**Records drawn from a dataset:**
↓↓↓

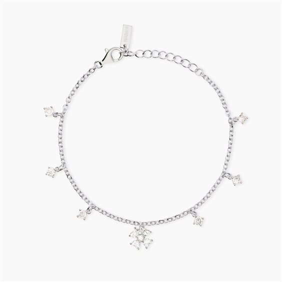 Bracciale in argento con catena rolò con ciondoli in zircone e quadrifoglio in zirconi taglio cuore. • Dimensione catena: 2 mm • Dimensione quadrifoglio: 7,5x7,5 mm • Dimensione zirconi taglio cuore: 3x3 mm • Diametro zirconi: 1,75 e 3 mm • Misura regolabile dalla 16 alla 19 cm • Materiale: Argento rodiato 925, Zirconi
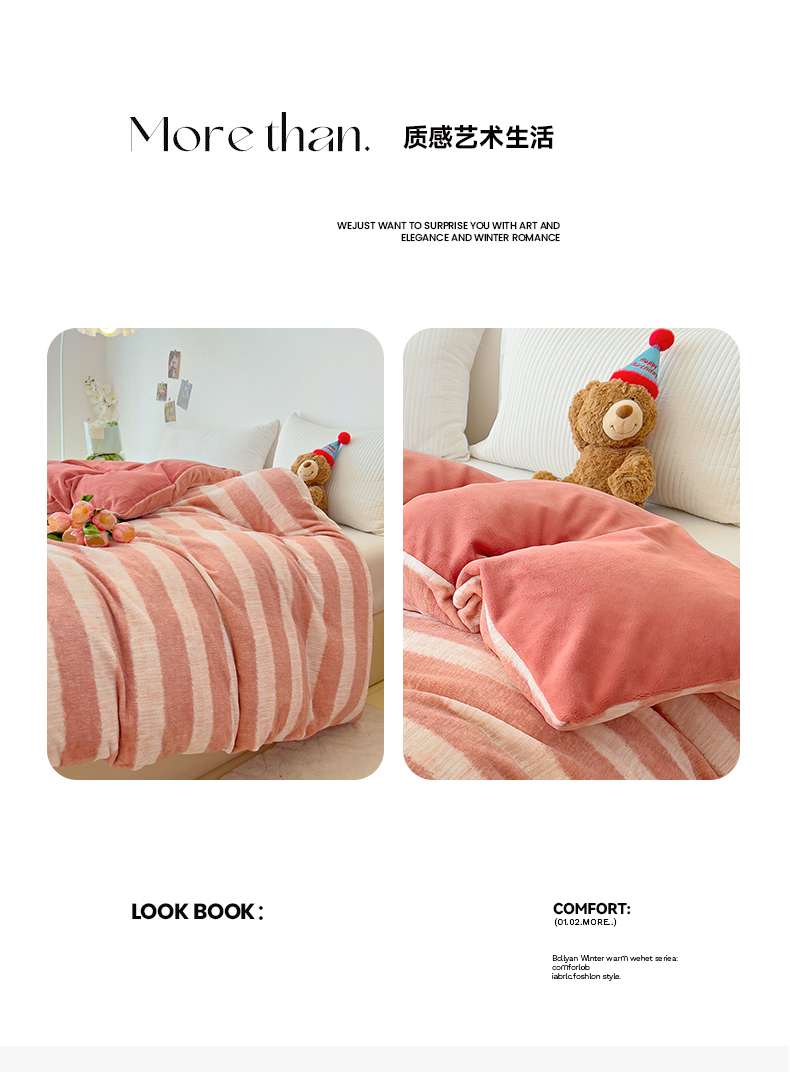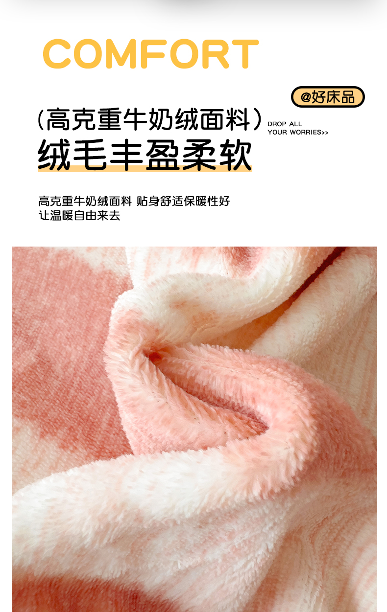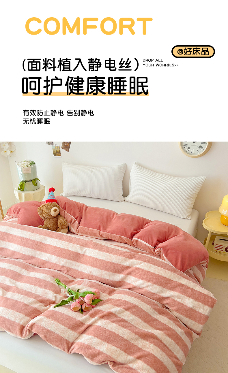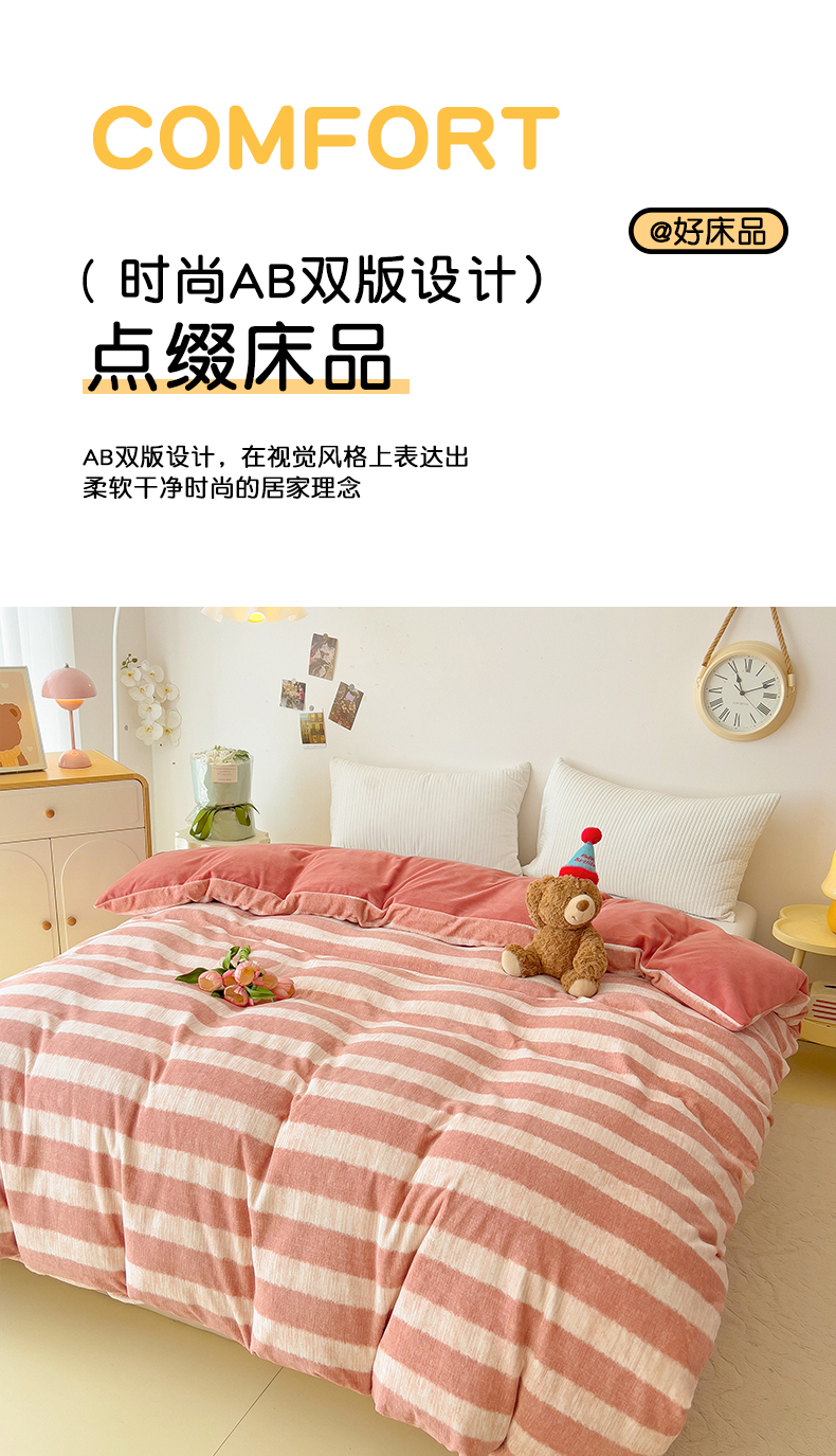 • 91家纺网 家纺一手货源 找家纺 大柏树 2025新款A类高克重亲肤舒适牛奶绒印花四件套-单被套可定制 竖条肌理-粉
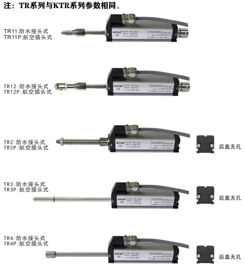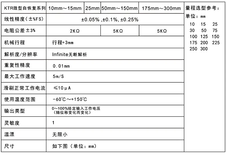 TR系列外置彈簧自復式位移傳感器的參數說明:(TR系列參數參照KTR11和KTR12及KTR2系列)
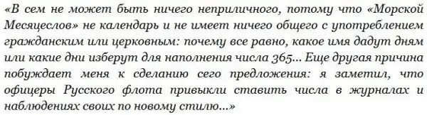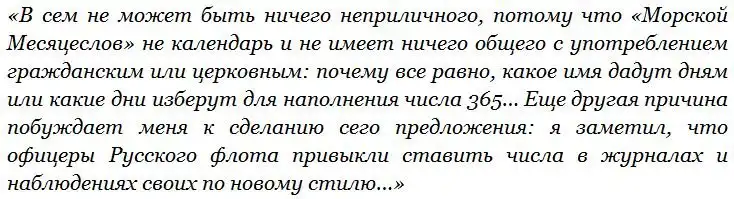 Почти все живущие ныне считают, что «новый стиль» в русском календаре был введен в феврале 1918 года. С точки зрения декретирования это так, а практически его ввели в употребление моряки русского военно-морского флота еще более ста пятидесяти лет назад, в 1824 году. Вызвано это было потребностью издания «Морского Месяцеслова» — собрания астрономических таблиц на 365 дней вперед, необходимых для определения местонахождения корабля в открытом море.
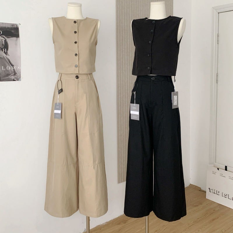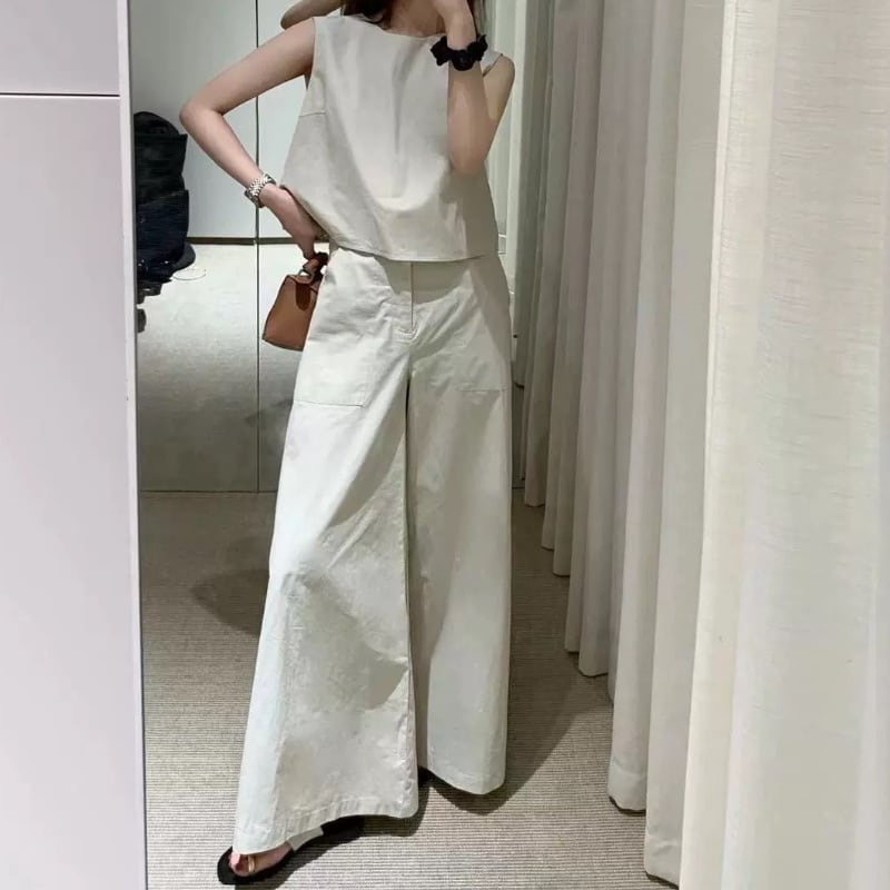 大人カジュアルなスタイルを実現する、ノースリーブシャツとワイドパンツのセットアップが新登場です!
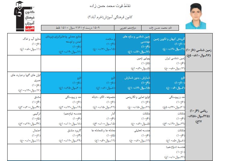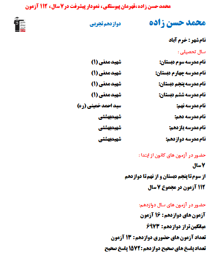 در ادامه میتوانید عملکرد درسی محمد حسن زاده را در کانون مشاهده کنید.
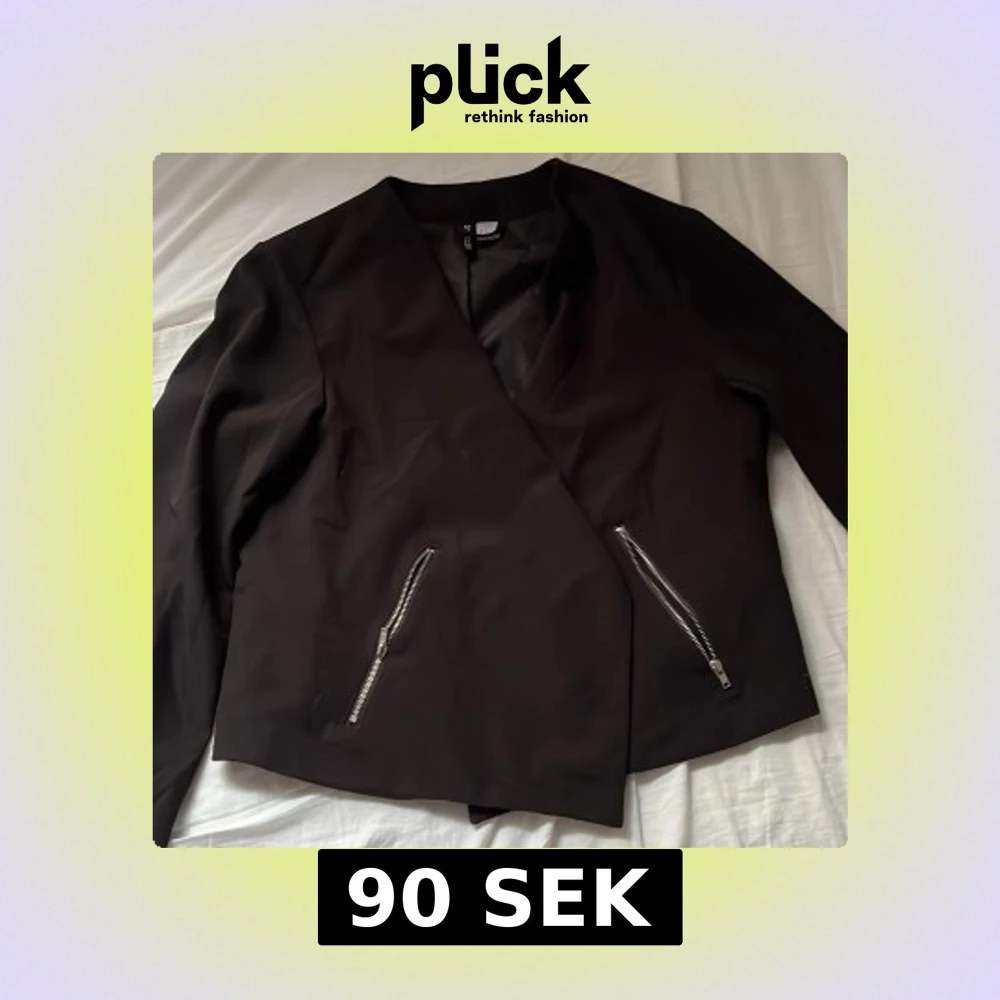 Säljer en svart kavaj från H&M med två sneda dragkedjor framtill. Jackan har lång ärm och en stilren, minimalistisk design utan synliga knappar. Perfekt för dig som gillar en modern och enkel look.

↑↑↑

**About this task:**
Transcribe the entries from their first line to the line that holds "TR系列外置彈簧自復式位移傳", both included, and skip every picture.

**Answer:**
 Bracciale in argento con catena rolò con ciondoli in zircone e quadrifoglio in zirconi taglio cuore. • Dimensione catena: 2 mm • Dimensione quadrifoglio: 7,5x7,5 mm • Dimensione zirconi taglio cuore: 3x3 mm • Diametro zirconi: 1,75 e 3 mm • Misura regolabile dalla 16 alla 19 cm • Materiale: Argento rodiato 925, Zirconi
 • 91家纺网 家纺一手货源 找家纺 大柏树 2025新款A类高克重亲肤舒适牛奶绒印花四件套-单被套可定制 竖条肌理-粉
 TR系列外置彈簧自復式位移傳感器的參數說明:(TR系列參數參照KTR11和KTR12及KTR2系列)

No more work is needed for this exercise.